The QFCRA is one of three regulators that will be amalgamated into the new single regulator when Qatar’s Council of Ministers gives its approval in September or October. It will merge with the Qatar Financial Market Authority, which regulates the Doha Securities Market, and the supervision division of Qatar Central Bank.

Just one rogue trader has been prosecuted and imprisoned under Qatar’s existing rules for market abuse in recent years. Thorpe says the failure by Qatar’s incumbent regulators to detect and punish abuse is undermining confidence in the markets. “It does not give me any confidence and it does not give most investors confidence,” he says. “Part of it is a lack of laws and regulations that allow regulators to do very much [to stop it].”

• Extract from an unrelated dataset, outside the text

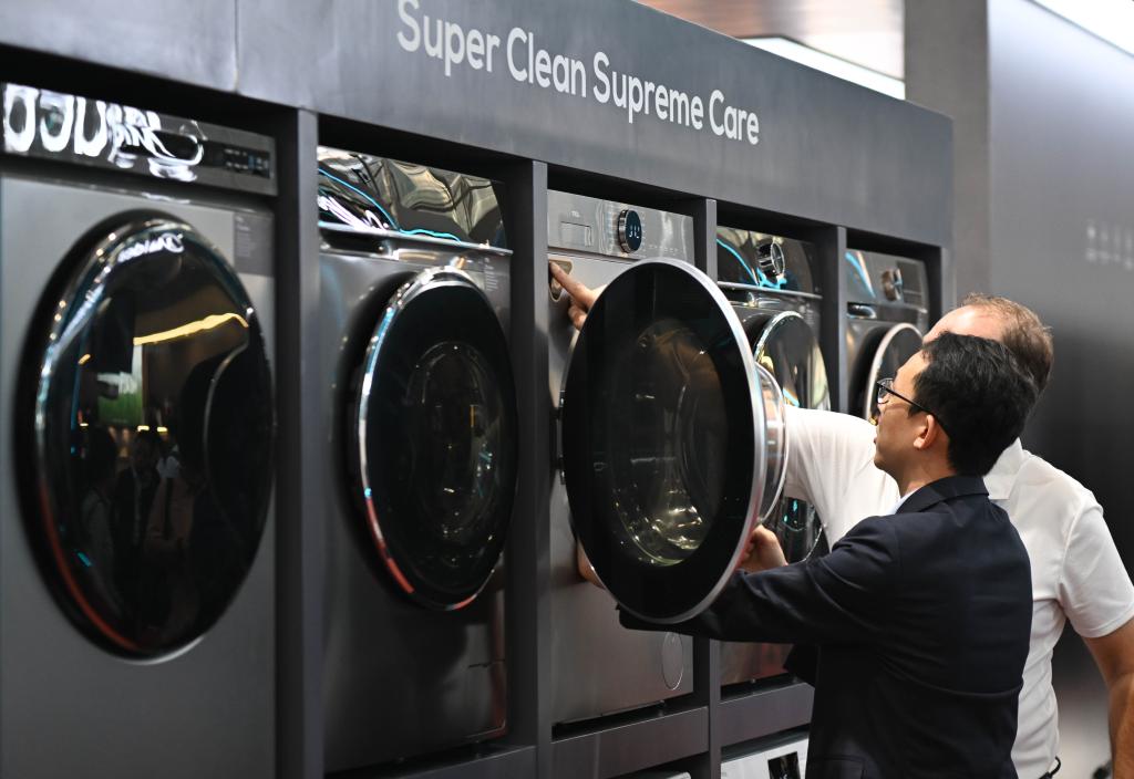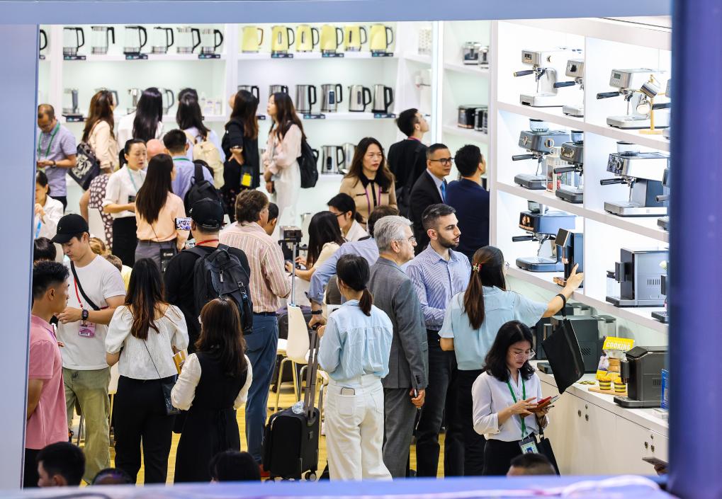 10月15日,境外采購商觀看參展企業(yè)家電產(chǎn)品。新華社記者鄧華 攝

Following approval from the Council of Ministers, the single regulator will need two to three years to bring the entire financial services sector under a single set of rules and regulations. “It does take some time for enforcement action to get up and running,” says Thorpe. “There has been a lack of enforcement staff for detection and then enforcement action at the three regulators.”

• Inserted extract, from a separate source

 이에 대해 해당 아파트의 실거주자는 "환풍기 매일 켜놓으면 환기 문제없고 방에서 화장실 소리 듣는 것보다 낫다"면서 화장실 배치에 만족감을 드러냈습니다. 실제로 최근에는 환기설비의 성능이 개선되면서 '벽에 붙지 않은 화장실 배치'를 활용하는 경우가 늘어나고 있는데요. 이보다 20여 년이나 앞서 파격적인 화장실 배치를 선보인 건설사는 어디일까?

The single regulator will reduce overlap between authorities, reducing staff numbers but, Thorpe says, it will be more effective at regulating financial markets. But he adds the regulator will need the support of the courts if it is to succeed.

According to Thorpe, the Qatari courts are as much to blame for the failure to prosecute rogue traders as the three regulators. “If you are taking these prosecutions through on a criminal basis then you need courts that understand these issues. What we have also found is that many of the domestic laws are not well suited to prosecutions for market abuse,” he says.

The QFCRA, which regulates companies located in the Qatar Financial Centre, has already set up its own court to enforce its regulatory decisions, as a means of bypassing Qatar’s existing criminal courts. The commercial court, which has no criminal jurisdiction, will probably be used by the single regulator to enforce its rulings.

The QFCRA has already modernised its rulebook by borrowing rules and practices from the UK’s Financial Services Authority.

Other regulators have also moved their systems in line with international standards. The Qatar Central Bank follows the Basel II banking regulations, which are used by most international banks, and the Qatar Financial Markets Authority has started to adopt the rules laid down by the International Organisation for Securities Commissions.